London-based Doisy & Dam generates all of its revenue in the UK, where it has secured listings with retailers including Sainsbury’s, Boots and WHSmith. “We’ve got great listings … where we can get a lot of visibility. We’re looking to do it at the point of sale.”

Part of the funding will be put towards initiatives in Necocli, a town in northern Colombia that Wilkinson said had been affected by the country’s problem with drug cartels.

“We want to bring this into a fundamental part of the story. We think it will resonate with our customers,” Wilkinson told just-food. “I don’t think people anymore are happy to just take the front of pack as read. They care more about what’s in the bar and how it’s got to being in the bar, particularly with commodities like cocoa and coffee, commodities that have slightly murky supply chains.”

The Doisy & Dam product proposition is high-end, organic Colombian chocolate, marketed in flavour combinations incorporating ‘superfood’ ingredients, such as goji berries, baobab fruit and Himalayan pink salt.

In a bid to continue to grow sales, Doisy & Dam is eyeing the development and launch of more “sharing” formats and securing business with travel-based customers, Wilkinson said.

He added the company would next year start to look at markets outside the UK. “That’s something we’re going to start to look at early 2019. We want to do it properly.
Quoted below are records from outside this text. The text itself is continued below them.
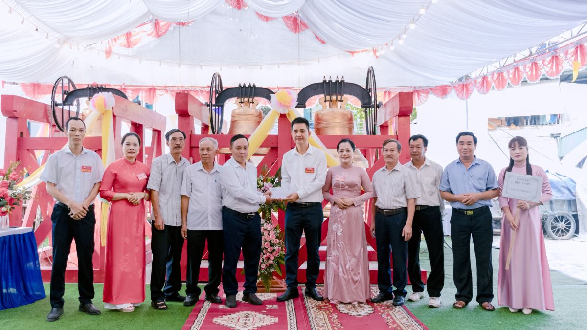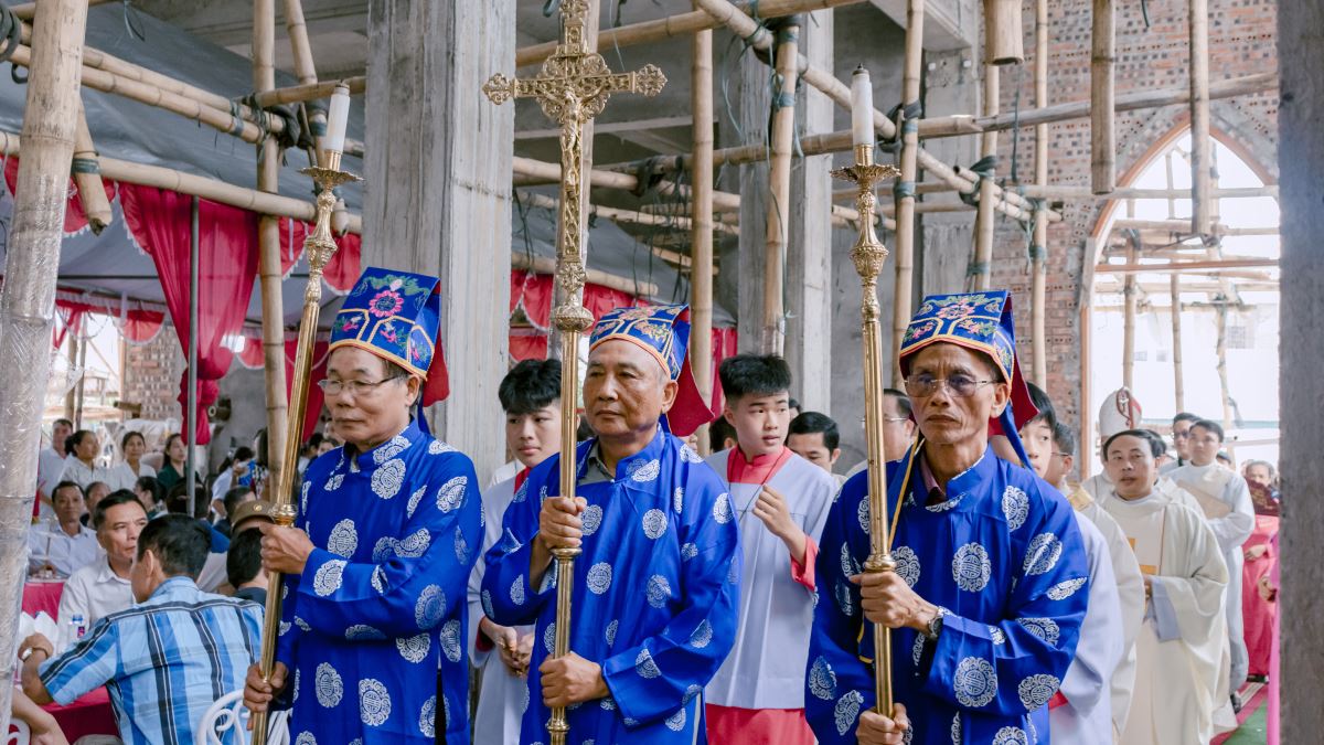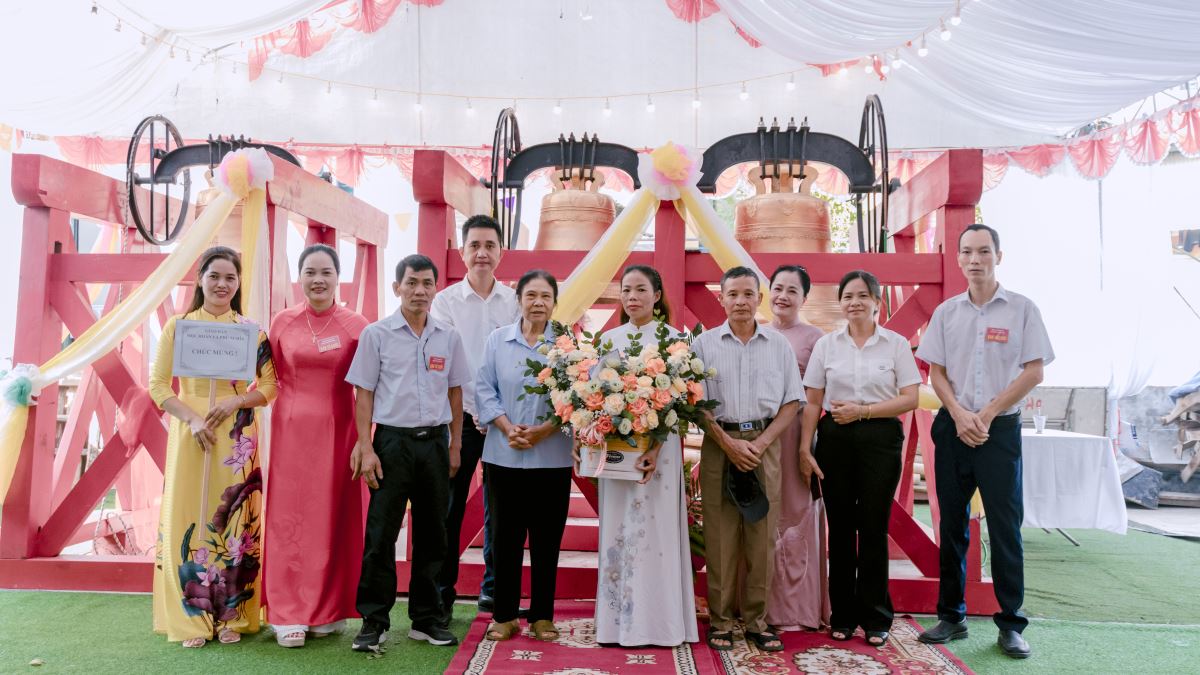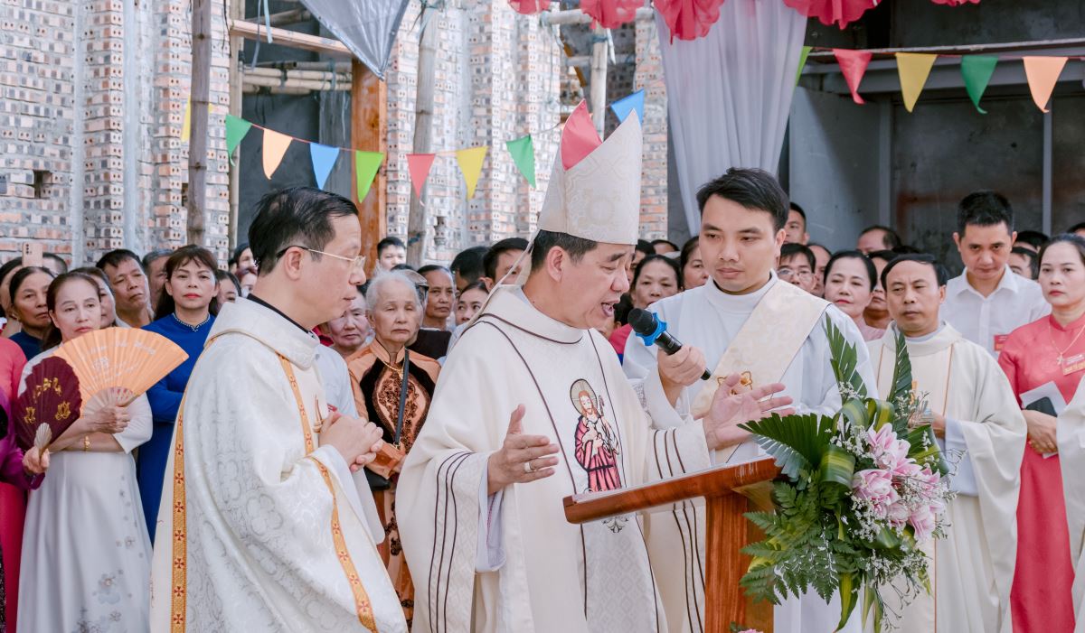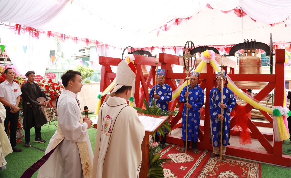 Đúng 9g00, đoàn rước đồng tế tiến vào khuôn viên ngôi thánh đường đang trong quá trình xây dựng. Tại nơi đặt tạm giá treo chuông và 03 quả chuông mới, Đức Cha Đaminh đã long trọng cử hành nghi thức làm phép, thánh hóa những quả chuông để từ nay âm vang của nó sẽ trở nên lời mời gọi cộng đoàn quy tụ cầu nguyện và nhắc nhớ mọi người sống trong tinh thần hiệp nhất yêu thương.
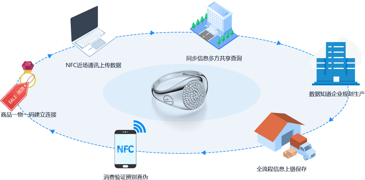 作為連接數(shù)據(jù)中心和NFC防偽標(biāo)簽的通道,給最終消費(fèi)者權(quán)限的防偽查詢體驗(yàn);手機(jī)連接網(wǎng)絡(luò),靠近貼有NFC防偽標(biāo)簽的珠寶,即可馬上知道珠寶的真?zhèn)涡畔ⅰ?/p>
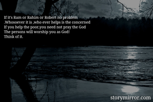 If it's Ram or Rahim or Robert no problem .Whosoever it is ,who ever helps is the concerned If you help the poor,you need not pray the God The persons will worship you as God! Think of it.
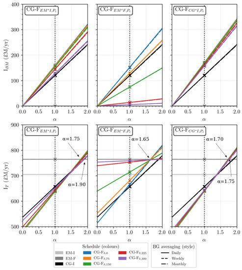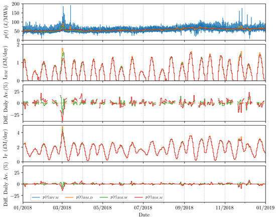 Figure 11 indicates the minimal difference in annual Baseload Market (BM) income I and total income I between daily , weekly and monthly BM price signals. However, understanding the provenance of these differences could be useful in predicting the effect on I and I in processing future Hourly Variable Market (HVM) price signal exhibiting a different structure. Figure 11 shows daily sums of I and I when applying the corresponding averaged cases. It can be seen that, on days where > 0 MW (i.e., I > 0 £/MWh), there is little disparity in I and I among averaging cases. The percentage difference between the daily baseload average case and the weekly and monthly averages is consistently less than 10% for I, and often less than 5% in I. The weekly and monthly averages are less susceptible to dips in hourly variable electricity price, but also less able to take advantage of large spikes in price, as experienced in March 2018. Indeed, while a sudden spike may be advantageous to the day in question on the daily averaging market, its price benefits on the weekly and monthly markets are more spread out. In the event of baseload market scaling (the application of > 1), these effects would be amplified.

We could start sending pallets out all over the world; we get plenty of interest. We’d rather do it with one distributor who knows the market, knows how we’ll work, who we can share a marketing budget with and nail one country.”

In June 2017, Doisy & Dam announced it had been awarded B Corp certification. B Corps are enterprises certified by the US-based non-profit B Lab as meeting “rigorous standards of social and environmental performance, accountability and transparency”.

Last week, Unilever and Danone announced more of their subsidiaries had also secured the certification. Asked what he thought about multinational food companies showing greater interest in the certification, Wilkinson said: “I think it’s great. I know people think it’s wrong to have these big multinationals coming in [but] as long as they’ve passed their B Corp certification, if they’ve got the credentials, they’ve got the credentials.”

Among the Unilever units that are B Corps are Sir Kensington’s, the US condiments maker the consumer-goods giant bought last year.

Wilkinson said: “[B Corp] also enables companies to retain a sense of independence after acquisition. B Corp certification adds value, so once multinationals have paid for that added value, they’re not going to want to dismantle and get rid of it straight away.”